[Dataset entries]
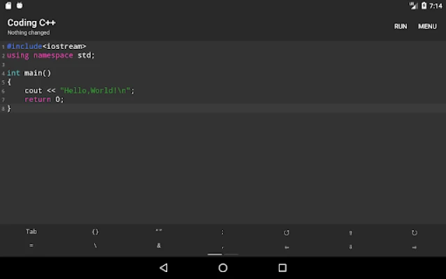 Feature: 1.Code Compile & Run 2.Auto Save 3.Highlight Key Words 4.Open/Save file 5.Smart Code Hint 6.Format Code 7.Common Character Panel 8.Support Every InputMethod
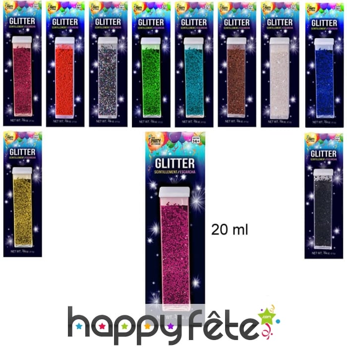 Voici un objet qui vous servira à de multiples décorations pour les fêtes, un tube de paillettes décoratives, 20ml. A noter qu'on ne peut pas s'en servir pour le corps, juste pour orner des objets bricolés soi-même. Le tube est disponible en argent, bleu, cuivre, fuchsia, irisé, multicolore, noir, or, orange, rouge, turquoise et vert, à vous de choisir !
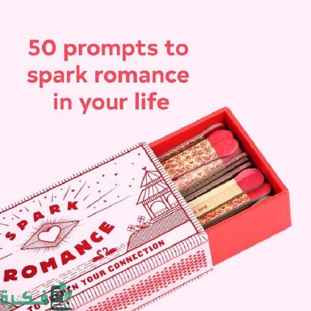 - صندوق Spark Romance، يحتوي على 50 طريقة تعزز الاتصال بينكما بطريقة ذكية، حيث يوجد في الجزء الخلفي من ورقة نشاط مرح، أو تحدي، أو حكمة تساعدكما في تطوير علاقتكما.
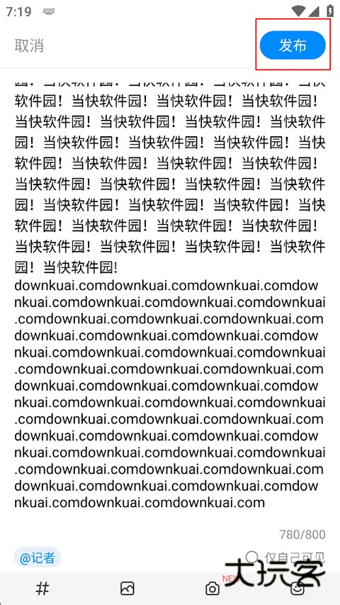 2、在编辑页输入您想要投稿的文字,下方还支持插入图片、视频及链接,完成后点击右上角发布;
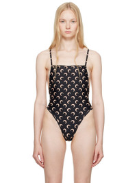 Stretch recycled nylon jersey one-piece swimsuit. Logo pattern printed throughout. · Square neck · Elasticized spaghetti straps · Open back · Fully lined Supplier color: Moon tan on black 78% recycled polyamide, 22% elastane. Made in Italy 251020F103001
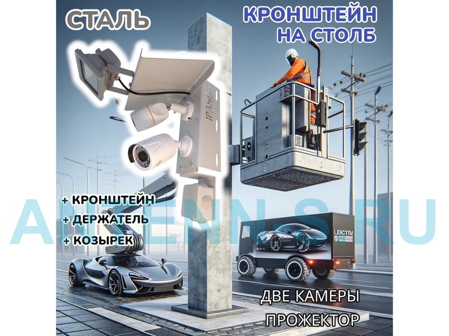 В корзину Купить в 1 клик Кронштейн для двух камер и прожектора на столб с козырьком и пластиной серый "IPAHD-5-214548"
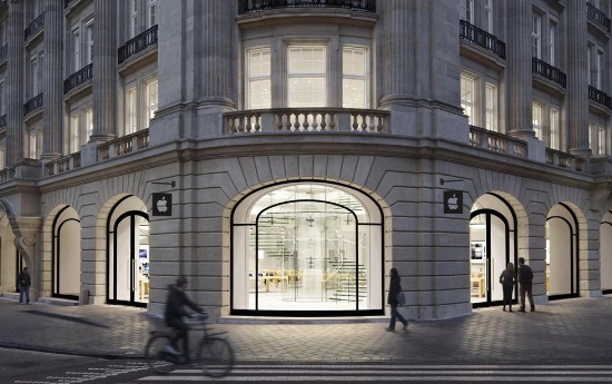于2010年開幕的倫敦蘋果商店位于攝政街(Regent Street),店內(nèi)總面積達到了2萬8千平方英尺,是世界上最大的蘋果零售店之一,并雇傭了超過300名員工。
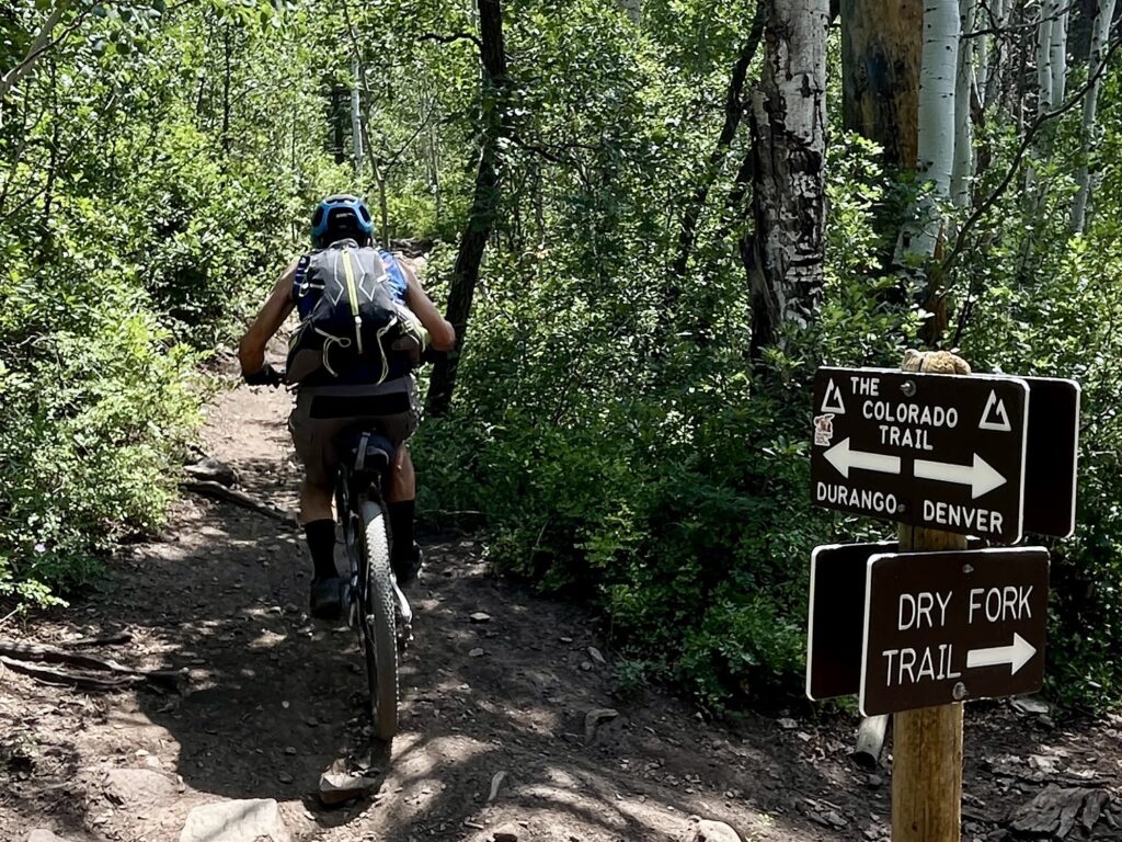 Am untersten Punkt, bei der Brücke über den Junction Creek, füllten wir nochmals unsere Bidons und trafen einen jungen CT-Hiker, der in der Gegenrichtung unterwegs und auf seiner zweiten Etappe war. Wir wünschten ihm viel Glück- was er mit seinem riesigen Rucksack und seiner bescheidenen Erfahrung bestimmt gut gebrauchen konnte – und fuhren weiter.

● **What to produce**: All lines from the one holding "В корзину Купить" through the last line of the records need to be copied exactly, both ends included, and the pictures left behind.

● **Output for this exercise**:
 В корзину Купить в 1 клик Кронштейн для двух камер и прожектора на столб с козырьком и пластиной серый "IPAHD-5-214548"
于2010年開幕的倫敦蘋果商店位于攝政街(Regent Street),店內(nèi)總面積達到了2萬8千平方英尺,是世界上最大的蘋果零售店之一,并雇傭了超過300名員工。
 Am untersten Punkt, bei der Brücke über den Junction Creek, füllten wir nochmals unsere Bidons und trafen einen jungen CT-Hiker, der in der Gegenrichtung unterwegs und auf seiner zweiten Etappe war. Wir wünschten ihm viel Glück- was er mit seinem riesigen Rucksack und seiner bescheidenen Erfahrung bestimmt gut gebrauchen konnte – und fuhren weiter.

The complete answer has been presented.